1. Gemeente in de provincie Groningen in het Westerkwartier ten Z. van het Van Starkenborghkanaal langs de grens met Friesland; opp. 87,98 km2 met 11.531 inwoners (1998). Bij de gemeentelijke herindeling van 1990 werd zij uitgebreid met de gemeente Oldekerk. Omvat de volgende dorpen en gehuchten:
a. in de voormalige gemeente Grootegast: Grootegast, Doezum, Kornhorn, Lutjegast, Opende, Sebaldeburen, Dorp, Eibersburen, De Jouwer, Kuzemerbalk, Peebos, De Snipperij, Topweer, Westerhorn (ged.) en Westerzand;
b. in de voormalige gemeente Oldekerk: Oldekerk, Niekerk, Eekeburen, Faan, Kuzemer, Oosterzand en De Wijk.
Bij de gemeenteraadsverkiezingen van maart 1998 was de uitslag: CDA 42,2%, PVDA 24,9%, GPV/RPF 19,4% en VVD 13,5%. De vijftien raadszetels werden als volgt verdeeld: CDA zes, PVDA vier, GPV/RPF drie en VVD twee. Het gemeentebestuur zetelt in Grootegast.
2. Hoofddorp van de gelijknamige gemeente, halverwege Groningen-Drachten ten N. van rijksweg A7. Ten N. van de plaats ligt de Grootegastermolenpolder, in het O. begrensd door de Grootegastertocht; deze loopt van Grootegast naar het Van Starkenborghkanaal. Na de aanleg van het Hoendiep in 1654-1656 en na het graven van de Grootegastertocht kreeg het dorp een haven en een verbinding over water met de stad Groningen. De vervening van de gebieden ten Z. van het dorp vond plaats van 1750 tot ongeveer 1825. De hervormde kerk is een kleine, in de 17de eeuw gebouwde en in 1829 verbouwde kerk. Enkele poldermolens, w.o. ‘De Eendracht’ bij genoemde tocht. In de 17de eeuw stond bij Grootegast de borg Feringa, een weinig beduidend gebouw dat rond 1745 werd afgebroken.

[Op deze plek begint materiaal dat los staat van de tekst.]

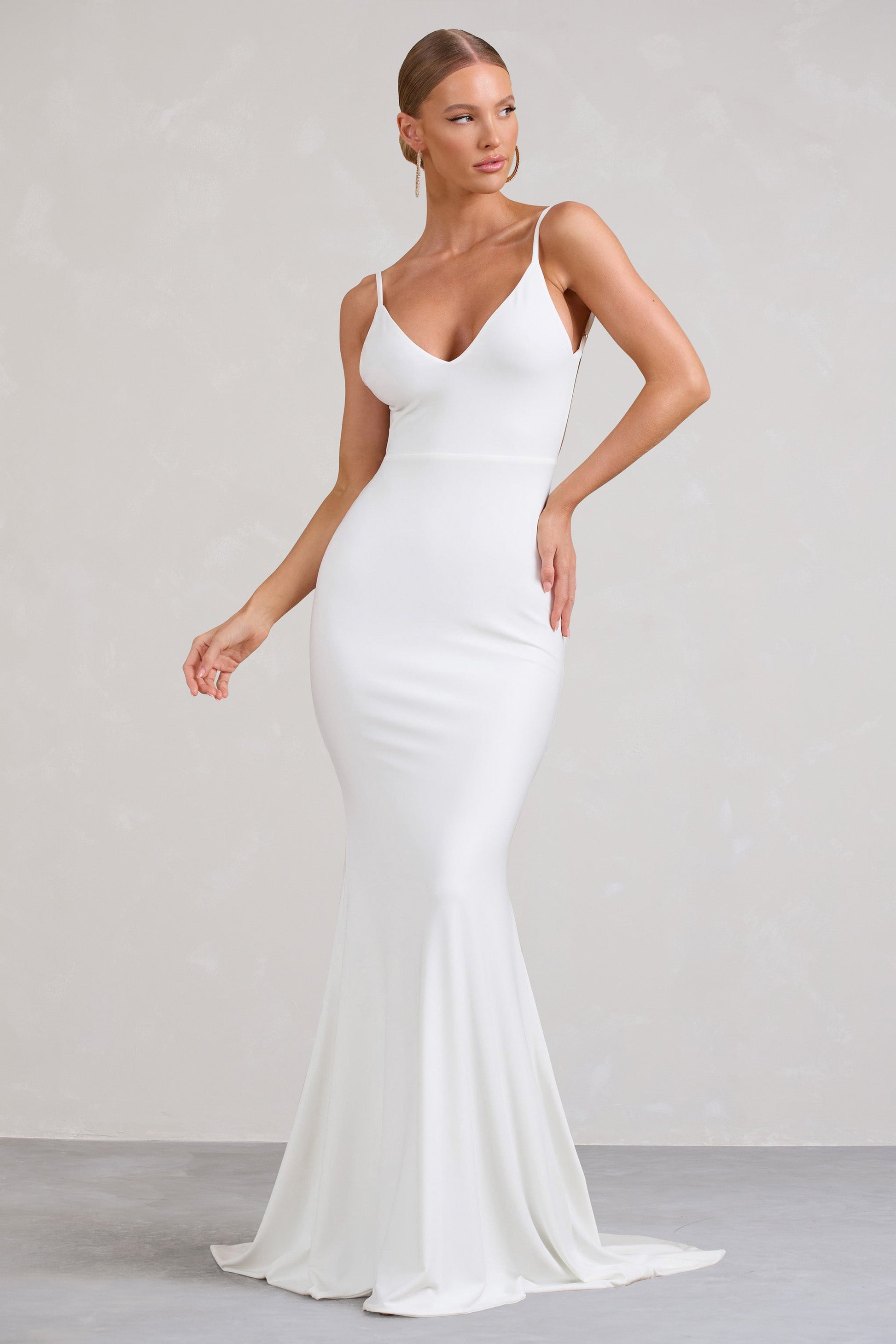 Endless Love | White Backless Knot Detail Fishtail Maxi Dress

In 1929 speelde hier de geruchtmakende zaak Wijkstra. Op 18 januari schoot IJe Wijkstra vier veldwachters dood, omdat zij de vrouw met wie hij samenleefde wegens verwaarlozing van haar kinderen kwamen ophalen.
Grootegast heeft het Abel Tasman Kabinet, met een permanente tentoonstelling over de in Lutjegast geboren ontdekkingsreiziger Abel Tasman.

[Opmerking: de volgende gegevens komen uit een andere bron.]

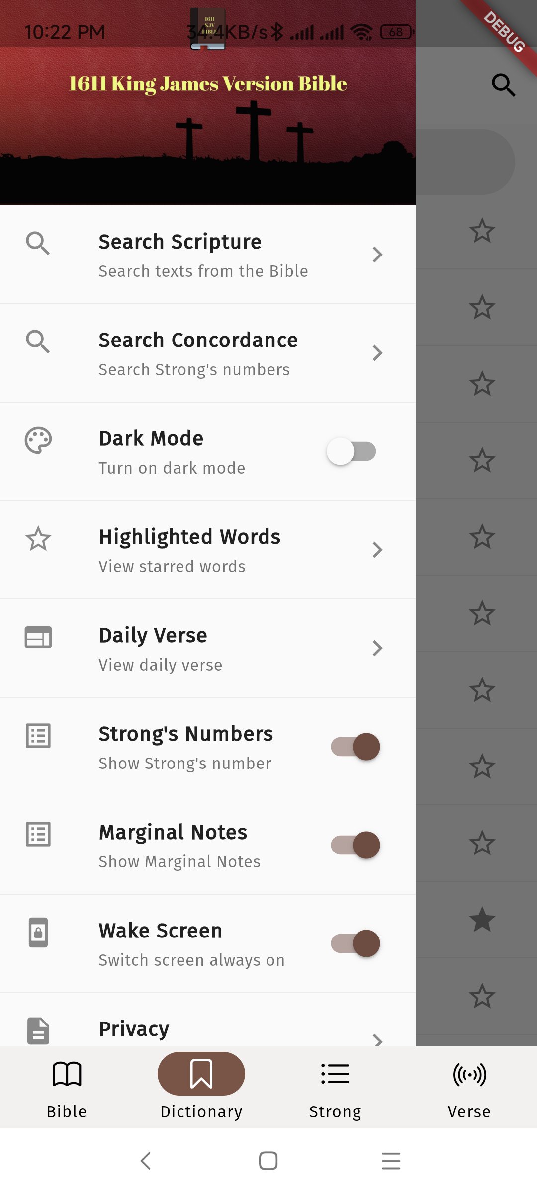 - Verse of the day feature.

In de 16de-17de eeuw Grote Gast, Groote Garst, Grootegast. Gast = geest, zandgrond; groote ten opzichte van lutje (Lutjegast).

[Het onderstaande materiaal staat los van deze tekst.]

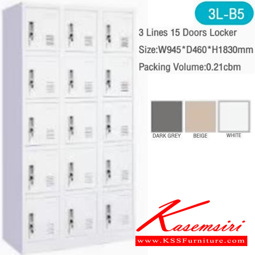 ตู้ล็อกเกอร์15ประตู ขนาด ก945xล460xส1830 มม.สีเทาเข้ม,สีขาว,สีครีม บีที ตู้ล็อกเกอร์เหล็ก

Schimpnaam voor de inwoners: Woldjeprikkers.
Lit.: G. Ligterink, Tussen Hunze en Lauwers (3de herz. dr.; Leek 1989) 316-327; Formsma. Ommelander borgen en steenhuizen, 147-148; Uw huidige woonplaats toen (Grootegast 1974); R. Pantjes, Grootegast in oude ansichten (Zaltbommel 1971).